Search code examples
phpmysqlutf-8character-encodinglatin1

How to retrieve utf-8 data with php and show the correct encoding in an excelsheet db dump?


Hi I am saving mostly english and german characters into a mysql database which currently is set to utf-8 charset.

I am assuming that I should use latin1 charset for this type of data, is that correct?

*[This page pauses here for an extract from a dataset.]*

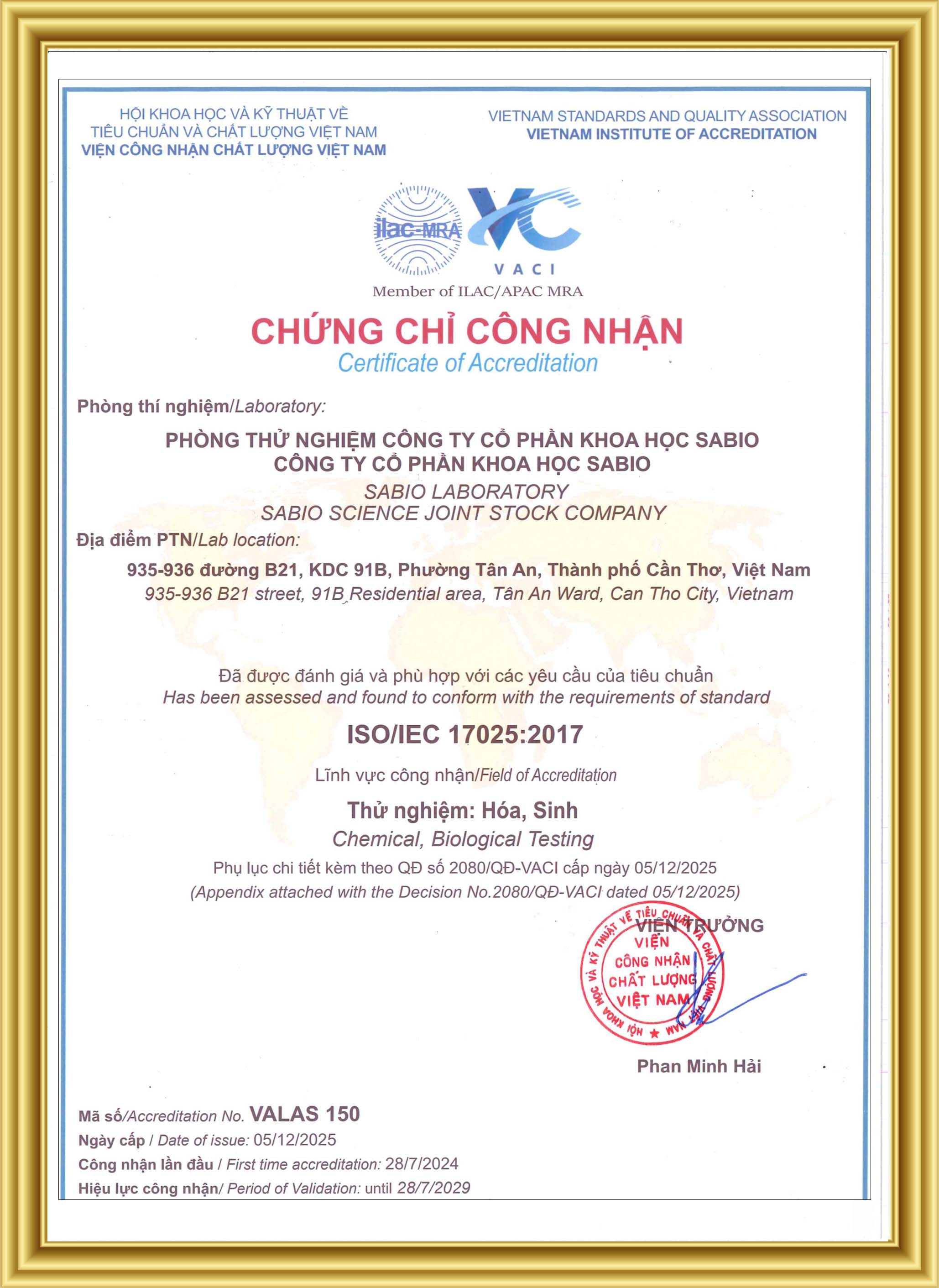 CHỨNG CHỈ CÔNG NHẬN PHÒNG THỬ NGHIỆM CÔNG TY CỔ PHẦN KHOA HỌC SABIO ĐÃ ĐƯỢC ĐÁNH GIÁ VÀ PHÙ HỢP VỚI CÁC YÊU CẦU CỦA TIÊU CHUẨN ISO/IEC 17025:2017

If so how can I change the charset to correct the german chars which are now saved in utf-8?

UPDATE

Maybe then it is a retrival problem ... When I export data from the db via php of course I get utf-8 back, can I do the retrival to give me latin1?

UPDATE 1

Ok I am building a website, the html encoding is uft-8 the db is uft-8, and now I want to run some exports and extract data, which should be returned in an excel sheet, and the data is utf-8, but here I need the chars to be latin1 ... or the encoding of the excel sheet extracted from the db need to be such that Töst will show Täst. Right now I get the data like this -> Töst

UPDATE 2

I am using following php script to do the dump:

http://www.fundisom.com/phparadise/php/databases/mySQL_to_excel

on line 48 I have changed the code to

header("Content-Type: application/$file_type; charset=utf-8");

no change in behaviour.

How would I solve the issue?

Almost Solution

<?php
$text = "ö is a valid UTF-8 character";
echo 'Original : ', $text, PHP_EOL;
echo 'TRANSLIT : ', iconv("UTF-8", "ISO-8859-1//TRANSLIT", $text), PHP_EOL;
echo 'IGNORE   : ', iconv("UTF-8", "ISO-8859-1//IGNORE", $text), PHP_EOL;
echo 'Plain    : ', iconv("UTF-8", "ISO-8859-1", $text), PHP_EOL;
?>

this is what I need I think ... but I need to check it in context of the php script... tomorrow :-)


Solution

  • I agree with the previous answers that UTF-8 is a good choice for most applications.

    Beware the traps that might be awaiting you, though! You'll want to be careful that you use a consistent character encoding throughout your system (input forms, output web pages, other front ends that might access or change the data).

    I have spent some unpleasant hours trying to figure out why a simple β or é was mangled on my web page, only to find that something somewhere had goofed up an encoding. I've even seen cases of text that gets run through multiple encoders--once turning a single quotation mark into eight bytes.

    Bottom line, don't assume the correct translation will be done; be explicit about character encoding throughout your project.

    Edit: I see in your update you've already started to discover this particular joy. :)